After using the language learning app 'Duolingo' for 3 months straight, I've come to reflect on how effective it is over a long period of time. How these applications generally work is that they segment your learning in different steps, by teaching you words and phrases that fall under a specific category.

For example: Greetings may be the first category you learn - covering things like how to say 'Hello' and 'Goodbye' in various different ways as well as any attachments you may add. This makes things easy to follow as there's a theme with each 'lesson' that you take and you can associate specific phrases or words to different situations you might use.

What I think Duolingo and many apps do well is they allow you to be exposed to the language that you're trying to learn. Which is important especially if you live in a place without a lot of diversity. So a part of understanding the language is done through listening to the language being spoken or trying to read the words of the language regularly.

This repeated exposure eventually helps you to memorise phrases and words that are being taught. With a quiz-like format you're constantly having to bring those learnings from your memory bank and use them until you're familiar with it. However - while this covers one aspect of being exposed to hearing and reading the language, it cannot provide the valuable experience of using it through speaking or interaction the way that natural dialogue is used in reality.

A feature that a lot of these apps seem to integrate is this concept of Streaks in your learning - such that to get you to check in regularly and help you retain the information, you need to do a lesson a day to revise what you have previously learnt. This helps you stay on track with how consistent you are, but can suck the joy out of learning the language.

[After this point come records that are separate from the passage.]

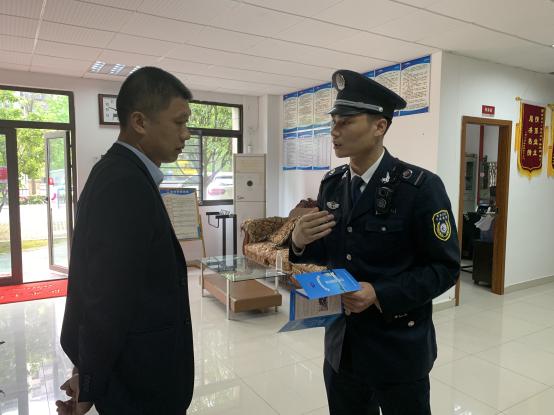 执法人员进社区进行地铁保护区安全宣传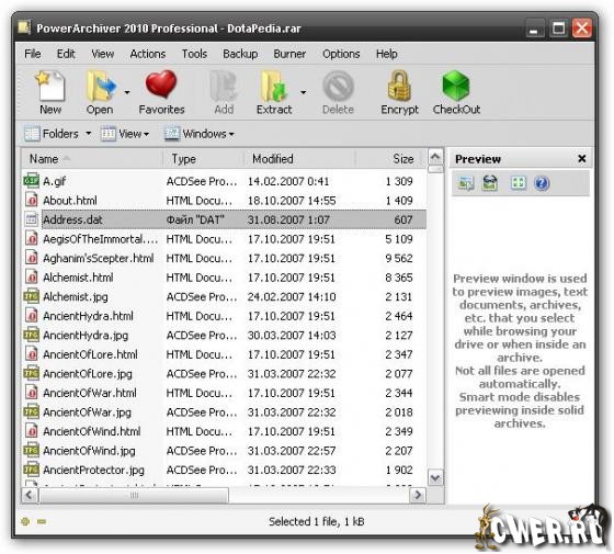 - Встроенный просмотрщик графических и текстовых файлов, находящихся в архивах (TXT, RTF, GIF, PNG, BMP, ICO, TIFF, GFI, SGI, EMF, WMF, PPM, Adobe Photoshop, Autodesk, Truevision, - ZSoft Кисть, Kodak Фото-CD, Jasc PaintShop Pro, Dr. Halo)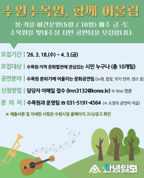 안녕일보 배윤 기자 | 수원특례시가 수원수목원에서 열리는 시민 참여 문화공연 ‘수원수목원, 함께 어울림’에 참여할 시민 공연팀을 4월 3일까지 모집한다.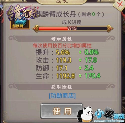 在麒麟臂升级到四阶后,可以开启麒麟臂成长系统。麒麟臂阶数越高,成长等级上限越大。使用麒麟臂成长丹可以升级成长等级,成长等级升级后会增加百分比属性,同时增加人物属性。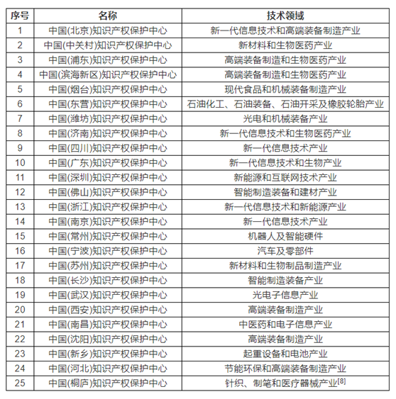 2019年11月25日,中國國家知識產(chǎn)權(quán)局在北京舉行新聞發(fā)布會透露,目前已在全國建立25家知識產(chǎn)權(quán)保護(hù)中心,以促進(jìn)和加強(qiáng)知識產(chǎn)權(quán)快保護(hù)工作。筆者將這些知識產(chǎn)權(quán)保護(hù)中心的名稱和主要負(fù)責(zé)的技術(shù)領(lǐng)域總結(jié)在下表中: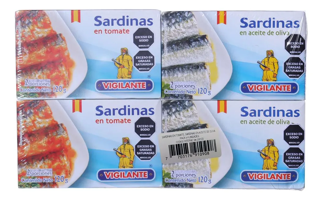 Descripción La sardina utilizada en nuestras conservas siempre es la especie Sardina pilchardus. Este pez que pertenece a la familia de los cupleidos. El tono azulado de sus dorsales y su vientre plateado la hacen fácilmente distinguible. Se trata de una especie muy común en las costas españolas, llegando a medir 25 cm. Ingredientes Sardinas En Tomate: Sardinas, Tomate, Aceite Vegetal, Aroma Natural De Chili Y Sal. Sardinas En Aceite De Oliva : Sardinas, Aceite De Oliva Y Sal. Información del producto Sardinas en tomate 2 Unidades. Sardinas aceite oliva 2 Unidades. Pescado azul por antonomasia, por tanto más graso, energético y con más vitaminas liposolubles que el blanco. Etiquetas Libre de lactosa Especificaciones Almacenamiento Temperatura ambiente Peso de la unidad (cada uno) 120.0000 g Peso neto 480.0000 g Cantidad de paquetes (recuentos) 4 País de origen España Importado o Nacional Importado Tipo de alimentos enlatados o envasados Conservas de atún y mariscos AlérgenosPescado (por ejemplo: lubina, platija, bacalao) Moluscos (por ejemplo: mejillones, caracoles terrestres, calamares, buccinos) Marca Vigilante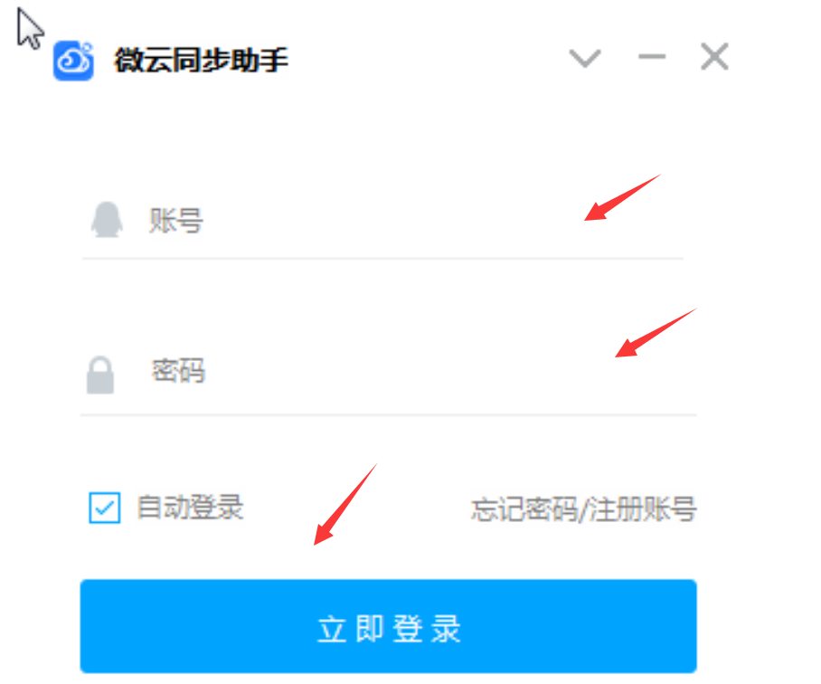 2、然后,在腾讯微云同步助手的登录界面,输入注册时的账号、密码,点击“立即登录”按钮,从而进入腾讯微云同步助手的操作界面。
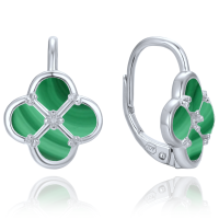MINET Stříbrné náušnice čtyřlístky s malachitem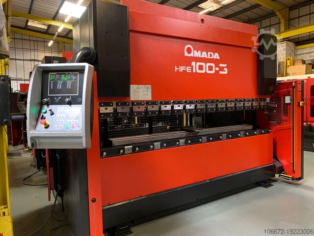 AMADA MODEL HFE 103-3 Гидравлический листогибочный пресс с нижним ходом, грузоподъемностью 100 тонн x длиной гибки 3000, в комплекте с ЧПУ OP 2000 7 AXIS,
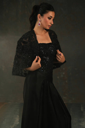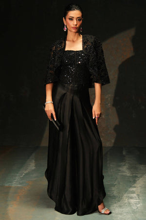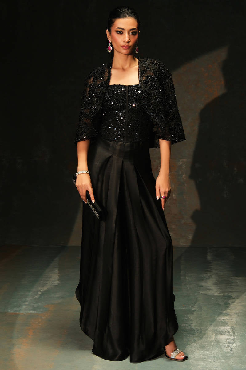 Elevate your evening style with this striking black ensemble, featuring a hand-embroidered velvet-appliqué jacket paired with a sequined and crystal-embellished bustier. The pure satin pleated skirt-pants offer graceful movement with a modern edge, creating a look that is both timeless and powerful. Effortlessly glamorous and refined, this outfit is designed to make you feel confident, polished, and unforgettable.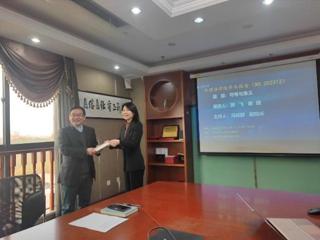 2023年12月5日下午,402永利集团郭飞教授在行政楼406开展了一次语言学方向题为“符号与意义”的学术报告。讲座由402永利集团副经理冯延群主持。

With streaks now there's a sense of obligation and responsibility beyond actively pursuing it because you want to. The motivating driver turns from initially coming from a place of wanting to improve to now a place of 'fear' out of halting your streaks and having to rebuild and start again.

It's things like this that really reveal the malicious nature of streaks and their effects on your learning. I found that although it kept me coming back to the app, I found many days that I was simply demotivated and simply breezed through a simple revision which in the grand scheme of things, didn't help my learning out at all.

If I compare my previous streak that I built for over 6 months to 3 months of dedicated consistent learning, I found that those 3 months were clearly more valuable due to how focused and willing I was to undertake that learning. Although I used the app for double the time, having to revise the same things over and over again and being restricted to the learning pace of the app, the benefits simply couldn't compare to using other resources like textbooks and speaking to people in real life.

So this really shows the difference between learning through specialisation versus casual learning. With specialisation, there is intent there and every move is dedicated to the craft. This makes all the more difference in the long run, as it can run true with other things in life - take for example one dedicated bootcamp vs. self-learning online for a year.